Neuropsychological research shows that colors assist us in making judgments about food and its acceptability. The "better the congruence between the colour and the source of the food (yellow and lemon, for example), the greater the intensity of the rated taste." "Brown M&Ms are judged to be more chocolatey—but no less likeable—than are green ones . . . and red added to drinks increases their ratings of sweetness."[11]
As marketing ploys, the orange crate posters worked brilliantly. They assured consumers that their oranges came from a "natural" place of cleanliness, harmony and abundance. Using the sun as both a simile and metaphor—think Sunkist—offered an easy branding syllogism: sun = light = nature = goodness = oranges.
The orange "halo effect" seeped into an American consciousness over time. John Steinbeck's novel Grapes of Wrath employs the orange as a literary symbol of both the success and failure of the American dream during the Great Depression. These passages highlight the Dust Bowl migrant's plight vis-à-vis the orange:
Why don't you go out west to California? There's work there, and it never gets cold. Why you can reach out anywhere and pick an orange. (Chapter 5)
The works of the roots of the vines, of the trees, must be destroyed to keep up the price, and this is the saddest, bitterest thing of all. Carloads of oranges dumped on the ground. The people came for miles to take the fruit, but this could not be. How would they buy oranges at twenty cents a dozen if they could drive out and pick them up? And men with hoses squirt kerosene on the oranges, and they are angry at the crime, angry at the people who have come to take the fruit. A million people hungry, needing the fruit—and kerosene sprayed over the golden mountains. (Chapter 32).
While copyright law exists to protect authorial rights, label artists "often considered their work to be less prestigious that the design of magazine covers or national product advertisements. Since label design was often a joint project, and since many lithographic companies had restrictions against signed work, practically no label designs bear the artist signature."[12]
Thus, most vintage orange crate posters did not display the © symbol and any otherwise protectable copyright interests were automatically lost when they were published under a 1909 copyright law regime without the copyright symbol.
Nonetheless, their eye-popping colors and soothing imagery conditioned successive American generations into making positive mental associations with oranges. Eating them even became part and parcel of the American patriotic experience. One orange crate poster shows Uncle Sam holding oranges with the banner proclaiming, "I Grow These Myself in California."[13]
Patented Orange Juice Goes Viral
Composed of hard-to-pronounce aldehydes, esters, alcohols and hydrocarbons, the volatile flavor components of freshly squeezed orange juice are evanescent and degrade when processed and during storage. One early study quantified 29 volatile constituents of orange juice and showed that two new constituents appeared after heat treatment of the juice. In a word, the taste of fresh squeezed orange juice is highly unstable.[14]
Shortly after WWII, three central Florida scientists "surprised themselves with a simple idea that resulted in the commercial development of orange juice concentrate."[15] It evolved into U.S. Patent No. 2,453,109, "Method of Preparing Full-Flavored Fruit Juice Concentrates (issued on November 9, 1948):
The principal object of this invention is to prepare a concentrated fruit juice containing a substantial portion of the original aroma, flavor, and palatability. This may be accomplished by adding a portion of fresh single-strength juice to a relatively strong concentrate of medium strength. The fresh juice returns much of the natural aroma, flavor and palatability to the concentrate. We have found that when concentrates prepared in this manner were diluted to original concentration with water, the resulting product is superior in aroma, flavor, and palatability to similar products prepared from conventional vacuum concentrates, and is hardly distinguishable from fresh juice.

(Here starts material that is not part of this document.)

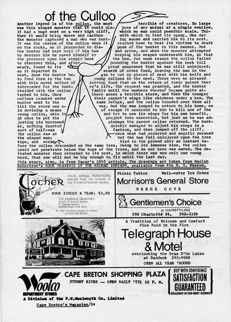 Published by Ronald Caplan on 1975/12/1 (397 reads)of the Culloo it Another legend is of the culloo, the most was this winged raonster that it could dis It had a huge nest on a very high cliff, ther it would bring moose and caribou the monster captured a man who was hunt- It was the custom of the culloo when on the rocks, so it proceeded to dis- the hunter had kept hold of his bow to destroy him he saved himself by the pressure upon him simply bent to discover this, and softer weary, found to its so it departed in nest. Soon the hunter be' to feed them to the two with this novel method of interceded for the hunt resided with the culloo tached to him. Once culloos crawled under hunter went to the till the storm was o- in devising a means young cullos, skin itj At once he put the justing his borrowed er, nothing daunted sort of half-was The culloo saw at the winged man; tops, and scram?'''''. terrible of creatures. So large pose of any animal at a single swallow* which no raan could possibly scale. Thi- with which to feed its ypung. One day ing moose and carried him to its nest, reached home to beat its victims to death pose of the hunter in this manner. But and arrow, and when the monster attempted keeping his weapon underneath him, so that the bow. For some reason the culloo failed pounding the hunter against the rock till great amazement that he was still uninjured; search of other food, leaving the man in the gan to cut up pieces of meat with his knife and young culloos in the nest. These were so pleased serving food that on the return of tneir parent they er's life. The request was granted, and the hunter family until the members thereof became quite at- there arose a terrible storm, and then the younger their parent's wings like chickens under a hen. The same refuge, and the culloo brooded over them all ver. But the man longed to return to his home, so of escape it occurred to him to kill one of the and try to use its wings for his own benefit, project into execution, but just as he was ad- plumage the parent culloo returned. The hunt- quickly managed to adjust his wings in a fashion, and then jumped off the cliff, once what had occurred and angrily pursued but the man fell uninjured upon the tree bled to the ground only an instant be? fore the culloo'de'scended on the same tree. Owing to its immense size, the culloo could not penetrate below the tops of the trees, and so our hero was saved. The de? feated monster then returned to its nest, in which there was now only one young bird. That one will not be big enough to fly until the last day* This story, also, is from Hagar's 1895 article* The drawings are taken from Marion Robertson's ROCK DRAWINGS OF THE MICMAC INDIANS, available from the N. S. MuseuraT" TALES, SONGS, TRADITIONS selected from the archives of the School of Scottish Studies. FOUR ISSUES A YEAR: $3.50 THE JOURNALS SECRETARY, School of Scottish Studies, 2.7 George Square, EDINBURGH EH8 9LD. Picnic Tables Well-water Ice Cubes Morrison's General Store WRECK COVE Gentlemen's Choice in HAIRSTYLING 390 Charlotte St. 562-3336 A Tradition of Welcome and Comfort Fine Food by the Fire Telegraph House & Motel overlooking the Bras D'Or Lakes at Baddeck 295-9988 OPEN ALL YEAR 'ROUND OEfwrmr STORES CAPE BRETON SHOPPING PLAZA SYDNEY RIVER • OPEN DAILY 'TIL 10 P* M* BUY WITH CONFIDENCE " SATISFACTION , GUARANTEED bmACEMENTOR YOUfl MONEY Rm)NOEDi A DiTisioA of tbe F*W??ltooXiiocth Co. Liidted Cape Breton's Magazine/24

Soon, many Florida oranges were being shipped to enormous processing factories that would result "in small, trim cans, about two inches in diameter and four inches high, containing orange juice that has been boiled to high viscosity in a vacuum, separated into several component parts, reassembled, flavored, and then frozen solid."
The impact of the "fresh frozen" concentrated orange juice on the market for fresh oranges cannot be understated. Per capita U.S. consumption of fresh oranges fell 75% in the twenty years after this invention.
Fresh oranges have become, in a way, old-fashioned. The frozen product made from them is pure and sweet, with a laboratory controlled balance between its acids and its sugars; its color and its flavor components are as uniform as science can make them, and the consumer opening the six-ounce can is confident that the drink he is about to reconstitute will taste almost exactly like the juice he took out of the last can he bought. Fresh orange juice, on the other hand, is probably less consistent in flavor than any other natural or fermented drink, with the possible exception of wine.
This is the precise "orange flavor" I—and millions of others—became habituated to during our baby boomer childhoods. Whether we like it or not, this is the memory trace we share of orange flavor. I would sometimes experiment with adding more water than the three cans specified—we were a family of six growing to eight after all—and regretted it when I tasted the pale comparison. I learned not to stray from the 3-to-1 reconstitution directions.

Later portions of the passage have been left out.